# mixup - Beyond Empirical Risk Minimization

## Introduction

• The paper proposes a simple and dataset-agnostic data augmentation mechanism called mixup.

• Consider two training examples, $(x_1, y_1)$ and $(y_1, y_2)$, where $x_1$ and $x_2$ are the datapoints and $y_1$ and $y_2$ are the labels.

• New training examples of the form $(\lambda \times x_1 + (1-\lambda) \times x_2, \lambda \times y_1 + (1-\lambda) \times y_2)$ are constructured by considering the linear interpolation of the datapoints and the labels. Here $\lambda \in [0, 1]$.

• $\lambda$ is sampled from a Beta distribution $Beta(\alpha, \alpha)$ where $\alpha \in (0, \infty)$.

• Setting $\lambda$ to 0 or 1 eliminates the effect of mixup.

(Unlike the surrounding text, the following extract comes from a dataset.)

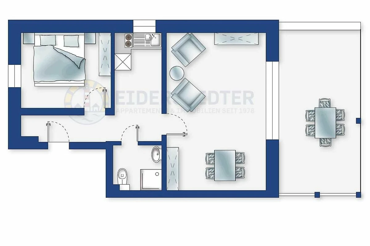 Moderne 2-Zimmer-Ferienwohnung mit ca. 54 m² auf 1 Ebene (EG) für bis zu 4 Personen. In ruhiger Lage im Ortsteil Dorf in St. Peter-Ording. Mit schönem grossem Garten. Viel Komfort und Entspannung erwarten Sie hier.

• Mixup encourages the neural network to favor linear behavior between the training examples.

## Experiments

• Supervised Learning

• ImageNet for ResNet-50, ResNet-101 and ResNext-101.

• CIFAR10/CIFAR100 for PreAct ResNet-18, WideResNet-28-10 and DenseNet.

• Google command dataset for LeNet and VGG.

• In all these setups, adding mixup improves the performance of the model.

• Mixup makes the model more robust to noisy labels. Moreover, mixup + dropout improves over mixup alone. This hints that mixup’s benefits are complementary to those of dropout.

• Mixup makes the network more robust to adversarial examples in both white-box and black-box settings (ImageNet + Resnet101).

• Mixup also stabilizes the training of GANs by acting as a regularizer for the gradient of the discriminator.

## Observations

• Convex combination of three or more examples (with weights sampled from a Dirichlet distribution) does not provide gains over the case of two examples.

• In the authors’ implementation, mixup is applied between images of the same batch (after shuffling).

• Interpolating only between inputs, with the same labels, did not lead to the same kind of gains as mixup.